認知症フォーラム「あきらめない」(横浜)実施しました

認知症の医療やケアの最新情報をお伝えするフォーラム「あきらめない〜最新医療と社会の支え〜」を、10月10日(水曜日)、横浜市の神奈川県民ホール小ホールで実施しました。全国8会場で実施してきたフォーラムの最終回です。

写真:舞台全景。講師が4人並ぶ。中央にスクリーン。

医療と介護

写真:小阪氏と櫻井氏

フォーラムでは、まず、ほうゆう病院(横浜)院長の小阪 憲司さんと、医療法人新光会オリーブの家ホーム長の櫻井 正子さんが、認知症の医療と介護の最新情報を紹介しました。
櫻井さんは、「センター方式」という介護の方法について説明しました。認知症の人ご本人の気持ちに寄り添う介護をするための方法です。

若年認知症

フォーラム後半では、若年認知症について話し合いました。若年認知症は、65歳未満で発症する認知症です。働き盛りで発症し退職せざるをえなくなる人も多く、「生きがい」「働きがい」をどう提供するか、大きな課題になっています。

写真:井上氏

井上 かつ子さんの夫も、若年認知症です。
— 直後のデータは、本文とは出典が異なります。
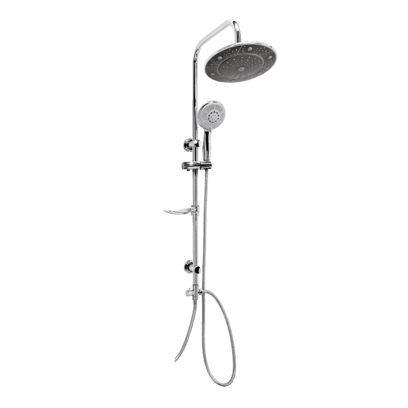 Dušas galva 24 cm un 5 funkciju dušas klausule 12 cm, (normāla plūsma, hidromasāža, migla,spēcīga strūkla, jaukta plūsma), pretkaļķa sistēma. Krāsa hroma/melna.
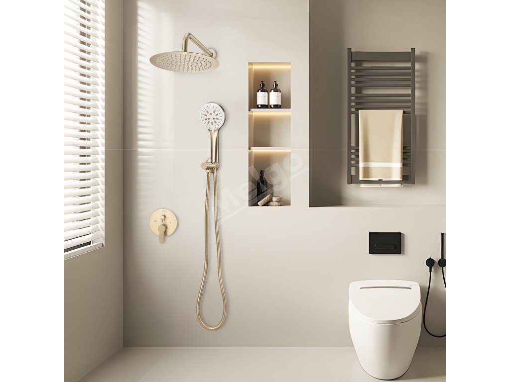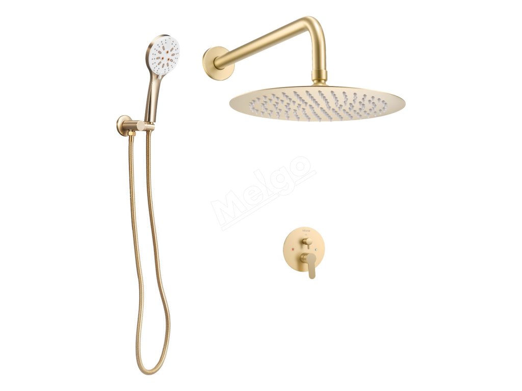 Sprchový set 25,4 cm hlavová a ručná sprcha, mosadz, brúsené zlato
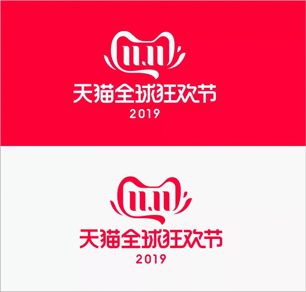 一個簡單的雙11,恰好構成了天貓的靈魂般 的眼睛; 在貓頭的左右兩邊,分別有類似兩大條彩帶結向外拋出,就好像是天貓的兩只小 手 在搖擺,寓意著“大家一起狂歡”。
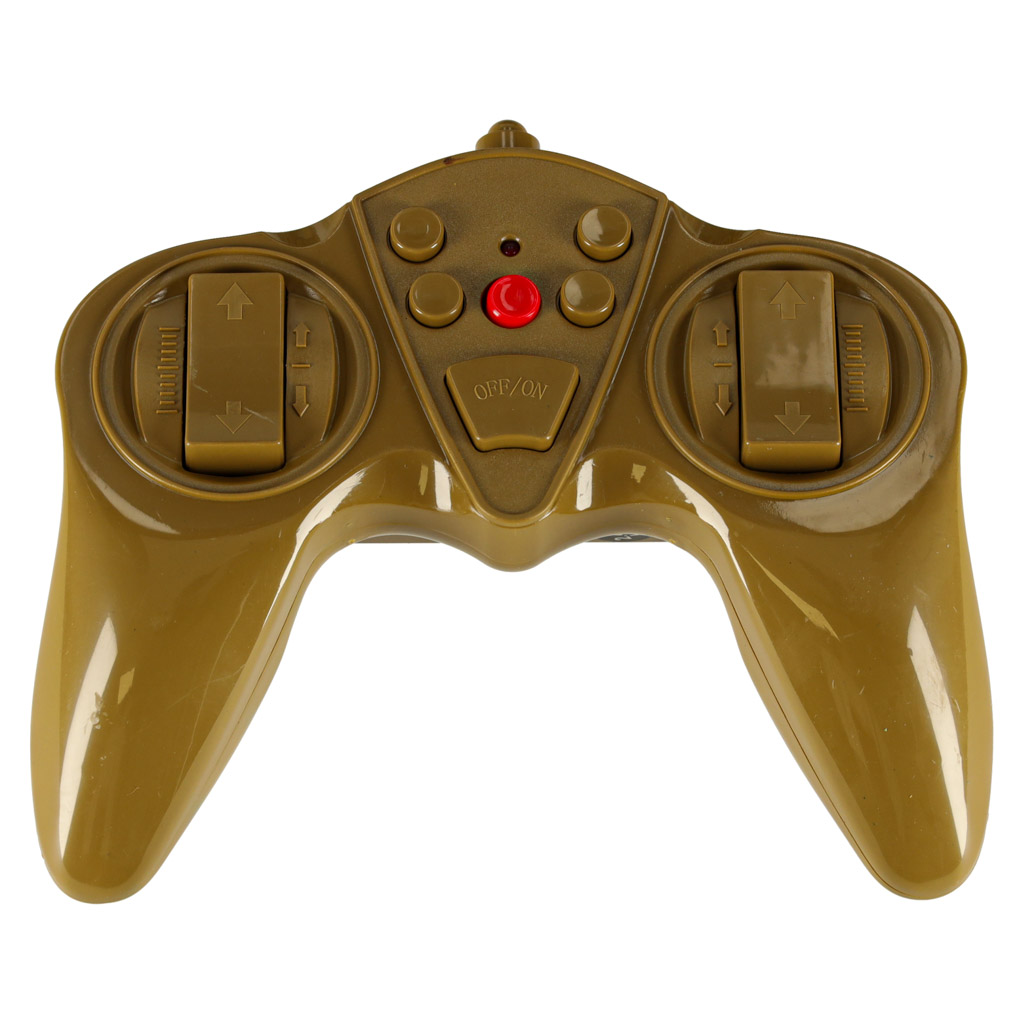 Jazda w każdym kierunku. Dźwięki strzałów i silnika, oświetlenie. Zdalnie obracana wieżyczka. Czołg w 2 kolorach i mogą walczyć na podczerwień. Zasilanie: akumulator Ni-Cd N4,8V 700mAh, bateria 9V. Wymiary: 38x21x15cm.
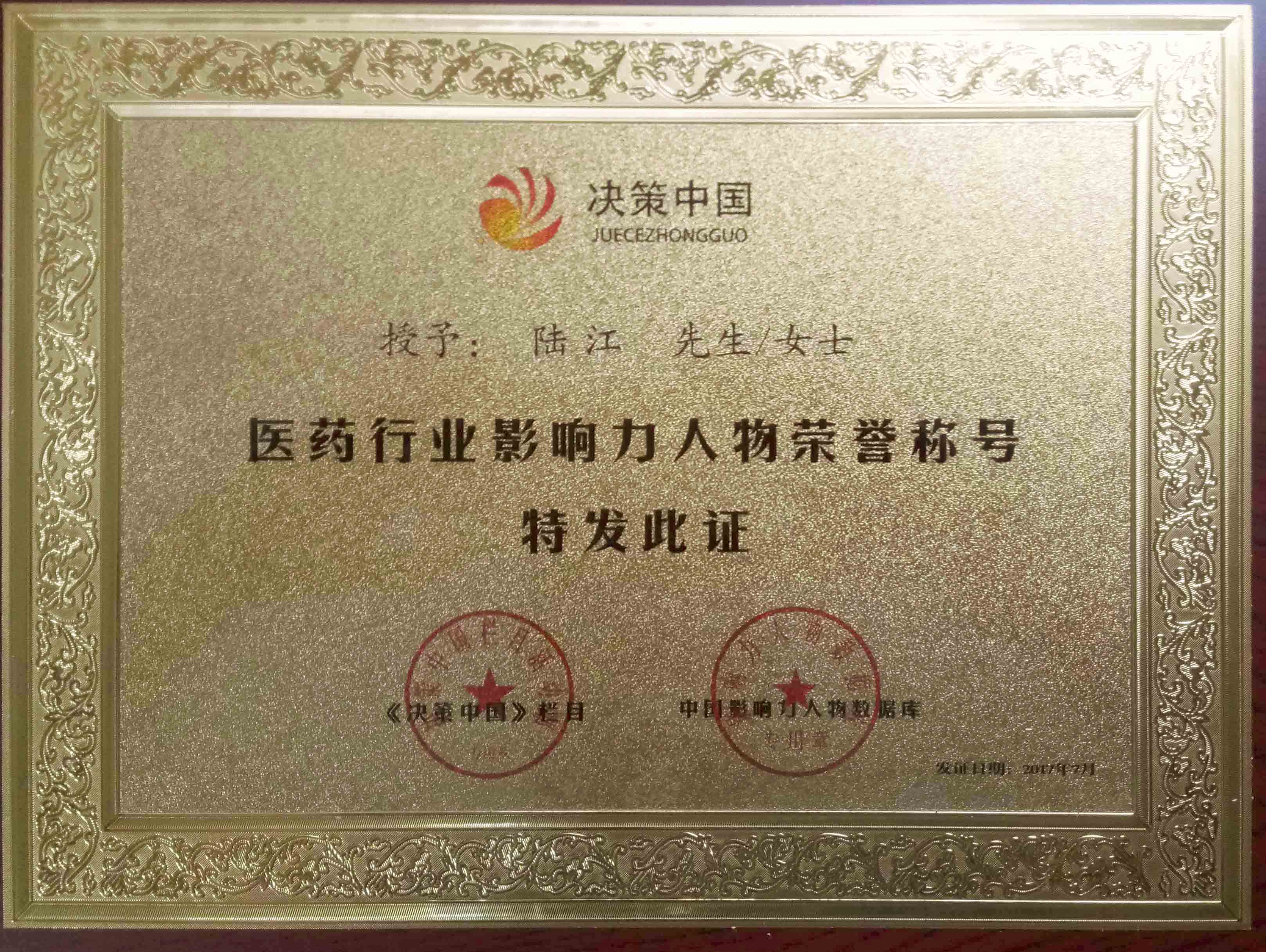 陸江榮獲醫(yī)藥行業影響人物證書
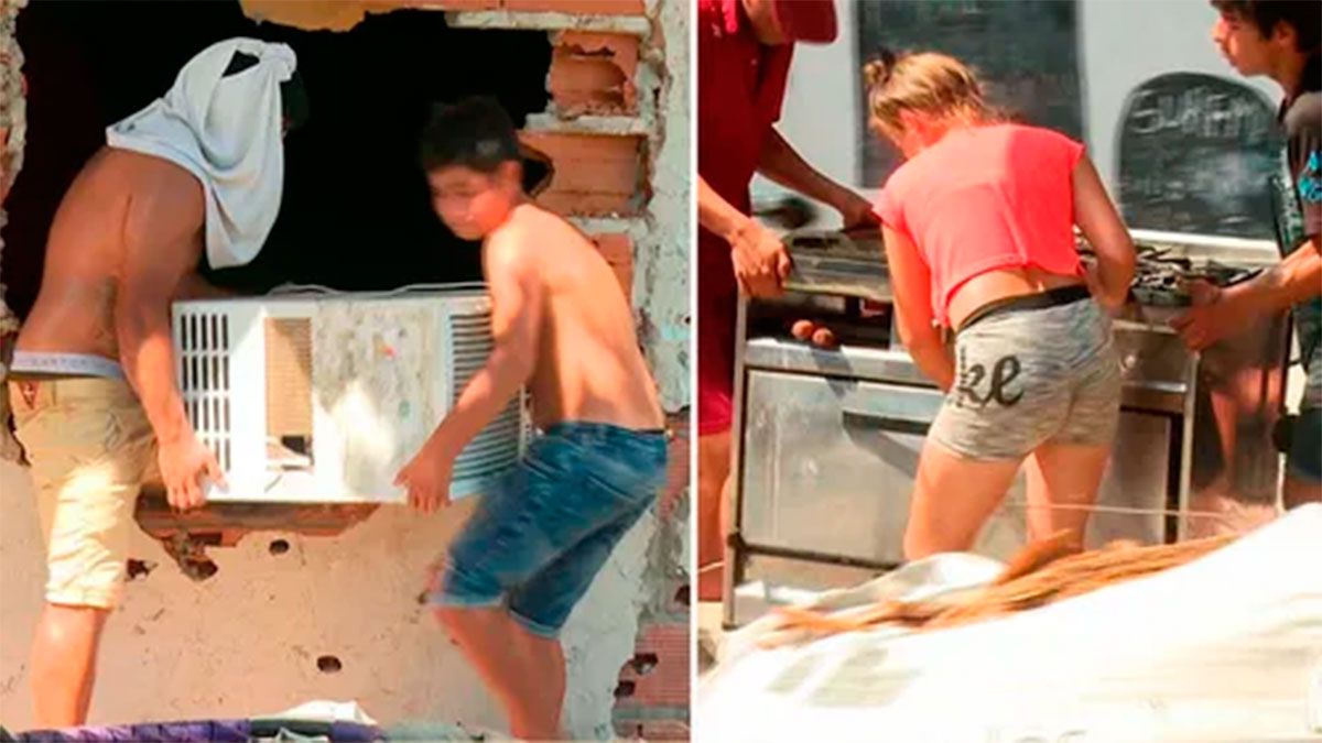 Luego, una vez despejada la vivienda, se hicieron con todo lo que había dentro: desde el inodoro hasta un peluche gigante. Todo quedó registrado por las cámaras de TN en el lugar, que mostraron en vivo el saqueo.

井上さんは、ほかの若年認知症の人や家族と支えあおうと、グループ「どんどん」を立ち上げました。
井上さんは、「どんどんでは、Tシャツを作って皆さんに買ってもらっています。売り上げに少し金額を足して、みんなで旅行にも行きました。若年認知症の方も、どんどん外に出て行こうということで「どんどん」と付けました。Tシャツのマークは夫が作りました。出来ることをやってもらって、本人のやりがいや生きがいに繋げています。」と語りました。

地域で支える

フォーラムの最後は、認知症の人と家族を地域で支えるとりくみです。特に横浜市のような大都市では、近所の人どうしの、もともとのつながりが弱く、認知症になっても住みやすい地域にするためには、自治体の努力が欠かせません。

写真:梅澤さん

横浜市高齢健康福祉課の梅澤 厚也さんは、市の取り組みについて、「中学校のエリアに一つずつ、「地域ケアプラザ」を作ってます。現在109館あり、最終目標は、中学校エリア147箇所全てに作ることです。そのほか、「地域包括支援センター」を各地域に設置しています。困ったら近くの地域包括支援センターの門をたたいて欲しいです。また、住民の方といっしょになって徘徊するお年寄りを守ろうと、「徘徊高齢者SOSネットワーク」という取り組みを実施している区もあります。ひとりひとりの力は小さくても、皆が力を持ち込めば、大きな力になります。ぜひ、このような活動に参加して欲しいです。」と語りました。


8会場 ご参加ありがとうございました

絵:鳥がきれいな軌跡を描きながら飛んでいく

認知症フォーラム「あきらめない〜最新医療と社会の支え〜」は、

  • 主催:NHK、NHK厚生文化事業団、読売新聞社
  • 後援:厚生労働省、社団法人 認知症の人と家族の会
  • 協賛:株式会社 ツムラ

で実施しました。6月2日の東京会場からスタートし、名古屋、福岡、仙台、札幌、広島、大阪、横浜の8会場で開催してまいりました。
8900件の申し込みをいただき、抽選の結果、4400人にご参加いただきました。ありがとうございました。

放送予定

大阪会場のフォーラムの模様は、このあと、NHKのテレビで放送されます。

「日曜フォーラム」(教育テレビ)
11月11日(日)午後6時から7時まで

の予定です。ご覧ください。


横浜会場の出演者のプロフィール

小阪 憲司(ほうゆう病院(横浜) 院長)
1939年生まれ。金沢大学医学部卒業。現在、医療法人社団鵬友会 ほうゆう病院院長、横浜市立大学名誉教授、聖マリアンナ医学研究所所長。専門は認知症の臨床と脳病理の研究で、「レビー小体型認知症」を発見し、1976年以降の一連の報告の中で明らかにした。認知症研究で世界的に知られている。

櫻井 正子(医療法人新光会 オリーブの家 ホーム長)
1946年横浜市鶴見区に生まれ育つ。高齢者や精神障害者の役に立ちたいと思い看護師になった。1990年から医療法人新光会に勤務。1995年よりホームヘルパー養成講座に携わり、後に修了者と市民参加型助け合いグループを設立した(現在はNPO法人)。1998年に認知症高齢者グループホーム「オリーブの家」管理者となって現在に至る。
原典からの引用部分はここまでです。